Based on all of the GP5 and NSP2 sequences available in GenBank, the inferred phylogenic trees revealed a high degree of variability among the NA-type PRRSV, especially the Chinese isolates. It is generally believed that strain evolution will result in an ever-broadening strain diversity for both genotypes and it is difficult to predict what impact this will have on the clinical picture and the immune response of the host (13, 22).
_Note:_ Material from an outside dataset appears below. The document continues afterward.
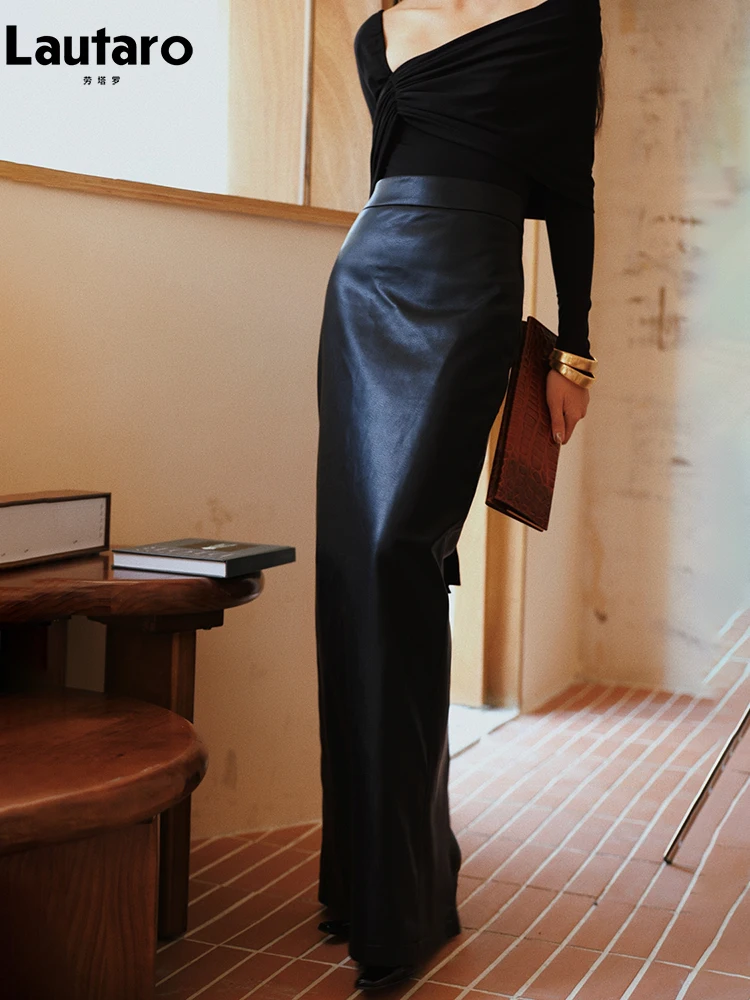 Lautaro Frühling Herbst schwarz weiches pu Leder boden langer gerader Rock Frauen mit Rück...

In summary, the ZB isolate from Hubei province China in 2006 belongs to the NA-type, and is another highly pathogenic PRRSV variant. Based on the GP5 and NSP2 phylogenic analysis, a high degree of variability is apparent between the high pathogenic PRRSV variants isolated from "high fever" disease outbreak in China in 2006 and the other previous Chinese isolates and prototypic NA-type PRRSV. It is likely that these differences manifest themselves as differences in pathogenicity and effect on the host immune system, and this is currently under investi-gation in our laboratory.